------ Data

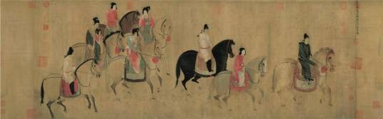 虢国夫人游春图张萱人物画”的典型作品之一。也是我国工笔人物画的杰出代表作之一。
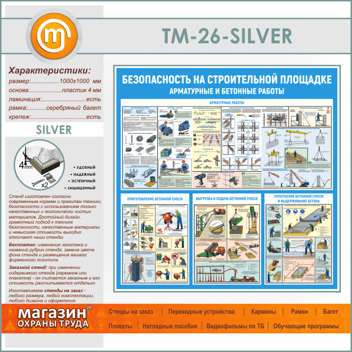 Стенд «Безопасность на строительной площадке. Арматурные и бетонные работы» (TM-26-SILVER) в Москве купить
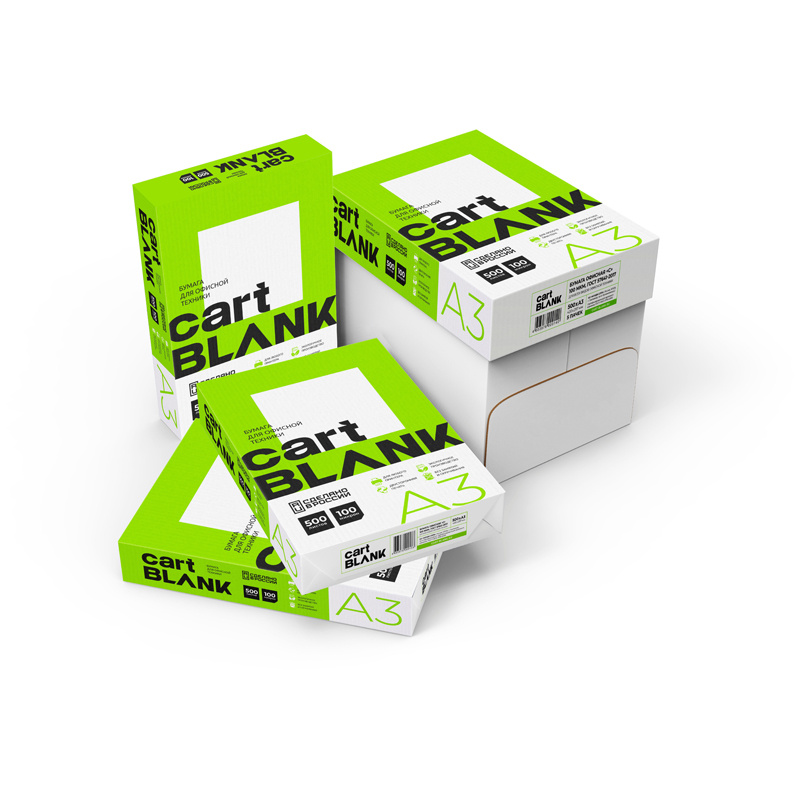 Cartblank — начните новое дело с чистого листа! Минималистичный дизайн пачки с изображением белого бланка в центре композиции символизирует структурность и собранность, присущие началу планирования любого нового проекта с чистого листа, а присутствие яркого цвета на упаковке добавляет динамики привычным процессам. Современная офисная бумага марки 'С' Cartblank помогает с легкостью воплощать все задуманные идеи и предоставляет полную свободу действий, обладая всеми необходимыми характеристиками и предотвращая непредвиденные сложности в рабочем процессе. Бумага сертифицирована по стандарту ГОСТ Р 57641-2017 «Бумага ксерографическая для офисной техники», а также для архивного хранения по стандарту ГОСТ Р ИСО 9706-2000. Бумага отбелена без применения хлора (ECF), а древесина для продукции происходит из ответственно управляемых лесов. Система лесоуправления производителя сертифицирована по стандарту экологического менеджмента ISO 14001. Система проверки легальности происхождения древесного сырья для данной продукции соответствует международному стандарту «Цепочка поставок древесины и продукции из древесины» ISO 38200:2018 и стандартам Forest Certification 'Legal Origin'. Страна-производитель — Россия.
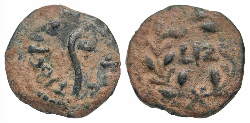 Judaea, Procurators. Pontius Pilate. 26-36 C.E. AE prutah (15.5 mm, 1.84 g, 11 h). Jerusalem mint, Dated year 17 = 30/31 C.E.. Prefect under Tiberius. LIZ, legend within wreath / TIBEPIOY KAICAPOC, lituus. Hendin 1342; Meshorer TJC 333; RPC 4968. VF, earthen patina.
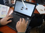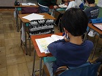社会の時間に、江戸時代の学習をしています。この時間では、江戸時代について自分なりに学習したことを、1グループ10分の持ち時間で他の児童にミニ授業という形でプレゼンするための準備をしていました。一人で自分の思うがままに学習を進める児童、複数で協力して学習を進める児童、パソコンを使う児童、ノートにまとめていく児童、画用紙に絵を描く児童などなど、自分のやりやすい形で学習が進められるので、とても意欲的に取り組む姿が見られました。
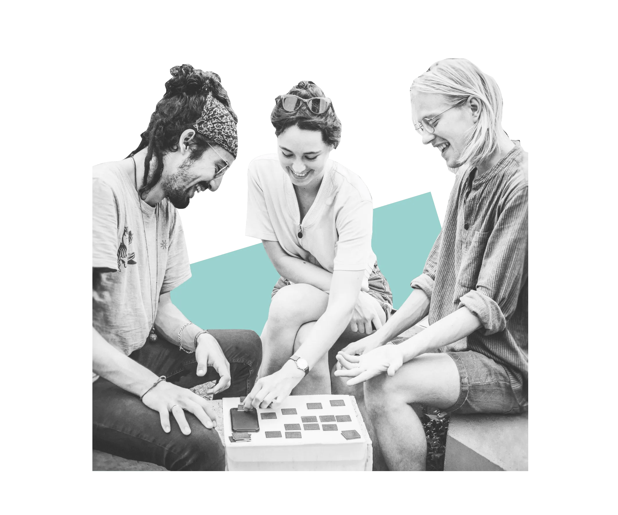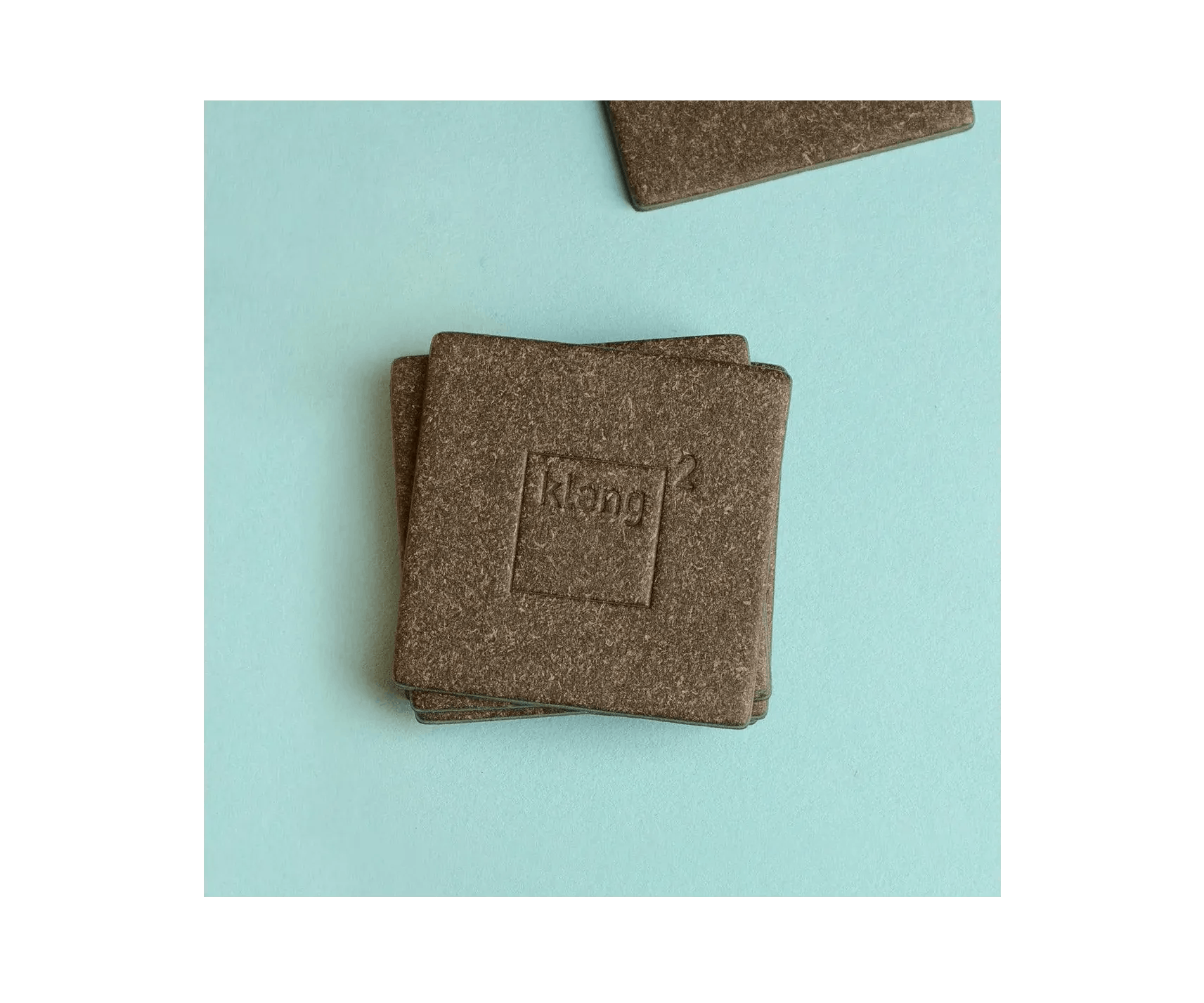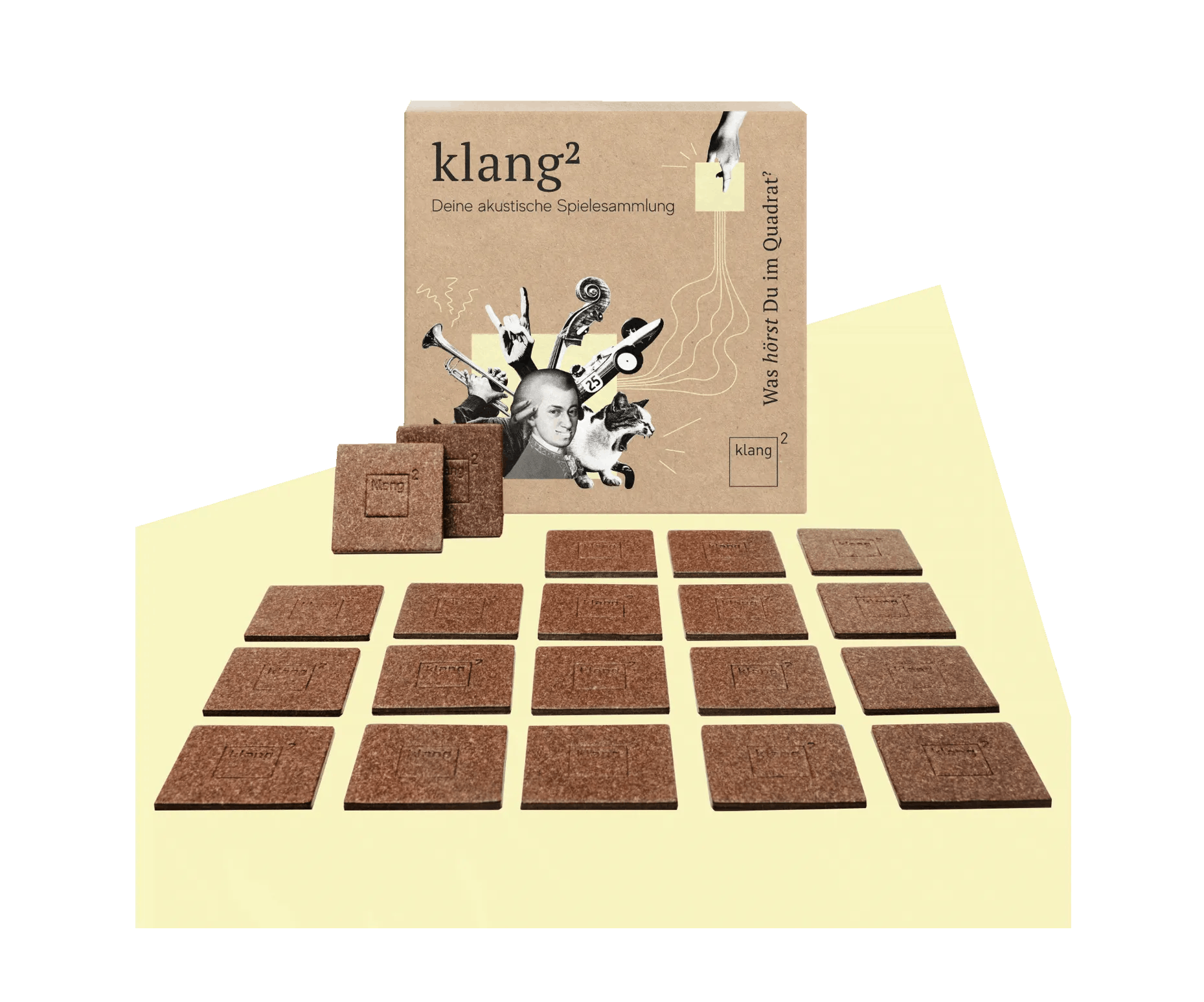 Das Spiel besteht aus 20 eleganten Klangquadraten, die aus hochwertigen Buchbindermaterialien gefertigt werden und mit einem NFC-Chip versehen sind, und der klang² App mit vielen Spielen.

------------

- Activity: Nothing should appear in the reply except the lines from the start of the listing above through the line with "в Москве купить", repeated exactly and free of pictures.

- Expected output:
 虢国夫人游春图张萱人物画”的典型作品之一。也是我国工笔人物画的杰出代表作之一。
 Стенд «Безопасность на строительной площадке. Арматурные и бетонные работы» (TM-26-SILVER) в Москве купить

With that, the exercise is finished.